*** Block opens ***

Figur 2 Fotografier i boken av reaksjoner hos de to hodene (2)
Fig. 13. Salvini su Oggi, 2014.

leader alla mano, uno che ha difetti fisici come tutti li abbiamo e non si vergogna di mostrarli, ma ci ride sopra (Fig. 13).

*** Block closes ***
*** Block opens ***

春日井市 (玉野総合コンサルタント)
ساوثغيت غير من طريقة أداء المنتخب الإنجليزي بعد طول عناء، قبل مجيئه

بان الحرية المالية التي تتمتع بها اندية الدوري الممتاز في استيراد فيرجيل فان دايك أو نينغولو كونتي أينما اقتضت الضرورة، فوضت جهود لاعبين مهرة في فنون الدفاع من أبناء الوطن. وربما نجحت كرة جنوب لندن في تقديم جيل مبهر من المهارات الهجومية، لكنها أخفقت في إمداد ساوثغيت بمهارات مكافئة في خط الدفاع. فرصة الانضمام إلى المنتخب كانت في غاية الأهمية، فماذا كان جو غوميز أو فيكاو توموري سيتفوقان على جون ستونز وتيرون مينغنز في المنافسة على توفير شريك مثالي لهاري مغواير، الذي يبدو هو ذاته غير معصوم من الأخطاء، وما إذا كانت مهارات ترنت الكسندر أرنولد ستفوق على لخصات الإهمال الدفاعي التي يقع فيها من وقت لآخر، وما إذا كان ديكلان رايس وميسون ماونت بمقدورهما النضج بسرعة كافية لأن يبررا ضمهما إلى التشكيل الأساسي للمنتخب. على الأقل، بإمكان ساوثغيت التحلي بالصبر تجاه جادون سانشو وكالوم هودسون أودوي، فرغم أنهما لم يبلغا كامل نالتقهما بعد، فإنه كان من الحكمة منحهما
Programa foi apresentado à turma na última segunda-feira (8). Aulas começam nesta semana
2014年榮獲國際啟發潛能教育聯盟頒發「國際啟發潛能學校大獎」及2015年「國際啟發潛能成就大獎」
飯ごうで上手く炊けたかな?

*** Block closes ***
*** Block opens ***

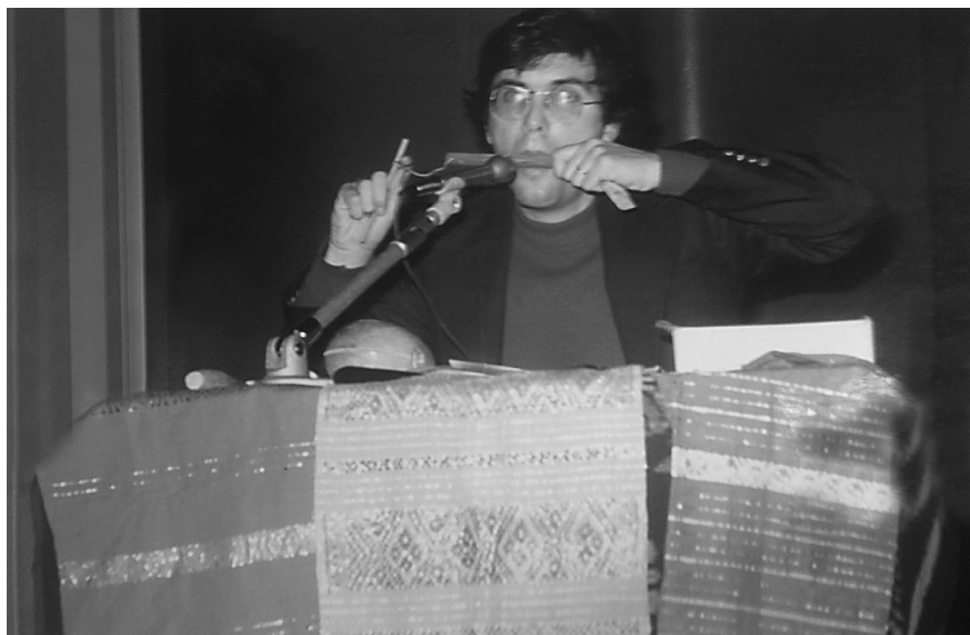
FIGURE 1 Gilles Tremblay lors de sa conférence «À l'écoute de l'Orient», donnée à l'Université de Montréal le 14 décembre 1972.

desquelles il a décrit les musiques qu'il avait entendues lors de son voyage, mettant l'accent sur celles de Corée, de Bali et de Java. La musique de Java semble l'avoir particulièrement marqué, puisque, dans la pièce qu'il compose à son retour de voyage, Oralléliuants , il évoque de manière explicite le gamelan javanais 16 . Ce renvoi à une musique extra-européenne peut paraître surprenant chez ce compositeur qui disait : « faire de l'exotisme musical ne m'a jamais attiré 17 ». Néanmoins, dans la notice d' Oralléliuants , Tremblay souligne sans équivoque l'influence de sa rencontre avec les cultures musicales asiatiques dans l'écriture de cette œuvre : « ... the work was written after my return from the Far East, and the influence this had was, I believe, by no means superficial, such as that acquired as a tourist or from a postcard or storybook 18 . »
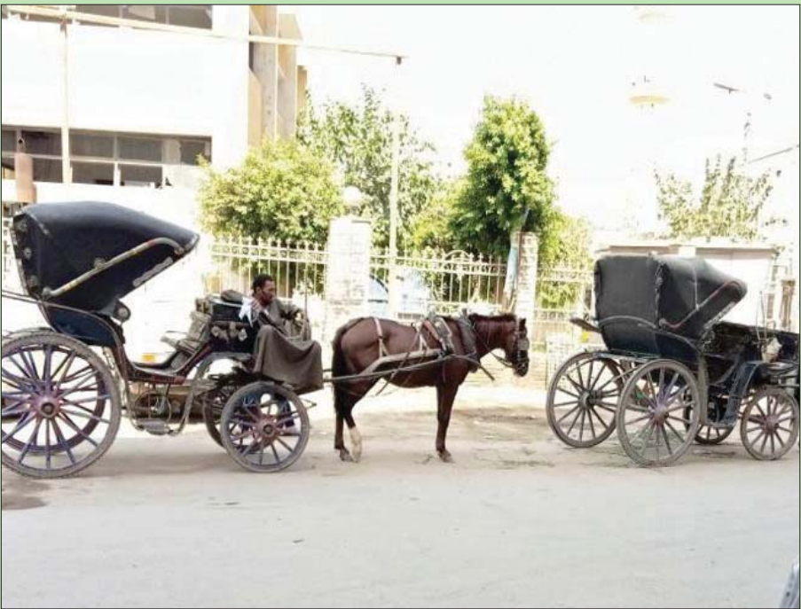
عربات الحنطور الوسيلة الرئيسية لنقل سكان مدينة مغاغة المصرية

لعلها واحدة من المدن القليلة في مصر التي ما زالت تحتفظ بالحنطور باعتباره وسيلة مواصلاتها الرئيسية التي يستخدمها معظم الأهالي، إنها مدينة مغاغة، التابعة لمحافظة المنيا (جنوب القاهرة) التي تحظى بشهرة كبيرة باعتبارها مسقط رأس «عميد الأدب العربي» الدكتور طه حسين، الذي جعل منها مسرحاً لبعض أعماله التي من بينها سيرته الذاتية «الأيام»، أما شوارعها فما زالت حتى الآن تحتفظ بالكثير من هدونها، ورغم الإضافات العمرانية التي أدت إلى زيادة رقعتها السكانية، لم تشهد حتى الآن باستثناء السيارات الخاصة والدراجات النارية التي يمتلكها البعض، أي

*** Block closes ***

DIRECTIONS FOR THIS TASK — Considering only the material above, set down every line from the one with "بان الحرية المالية" to the one with "飯ごうで上手く炊けたかな?", inclusive, exactly as written.

SOLUTION TO THE EXERCISE —
بان الحرية المالية التي تتمتع بها اندية الدوري الممتاز في استيراد فيرجيل فان دايك أو نينغولو كونتي أينما اقتضت الضرورة، فوضت جهود لاعبين مهرة في فنون الدفاع من أبناء الوطن. وربما نجحت كرة جنوب لندن في تقديم جيل مبهر من المهارات الهجومية، لكنها أخفقت في إمداد ساوثغيت بمهارات مكافئة في خط الدفاع. فرصة الانضمام إلى المنتخب كانت في غاية الأهمية، فماذا كان جو غوميز أو فيكاو توموري سيتفوقان على جون ستونز وتيرون مينغنز في المنافسة على توفير شريك مثالي لهاري مغواير، الذي يبدو هو ذاته غير معصوم من الأخطاء، وما إذا كانت مهارات ترنت الكسندر أرنولد ستفوق على لخصات الإهمال الدفاعي التي يقع فيها من وقت لآخر، وما إذا كان ديكلان رايس وميسون ماونت بمقدورهما النضج بسرعة كافية لأن يبررا ضمهما إلى التشكيل الأساسي للمنتخب. على الأقل، بإمكان ساوثغيت التحلي بالصبر تجاه جادون سانشو وكالوم هودسون أودوي، فرغم أنهما لم يبلغا كامل نالتقهما بعد، فإنه كان من الحكمة منحهما
Programa foi apresentado à turma na última segunda-feira (8). Aulas começam nesta semana
2014年榮獲國際啟發潛能教育聯盟頒發「國際啟發潛能學校大獎」及2015年「國際啟發潛能成就大獎」
飯ごうで上手く炊けたかな?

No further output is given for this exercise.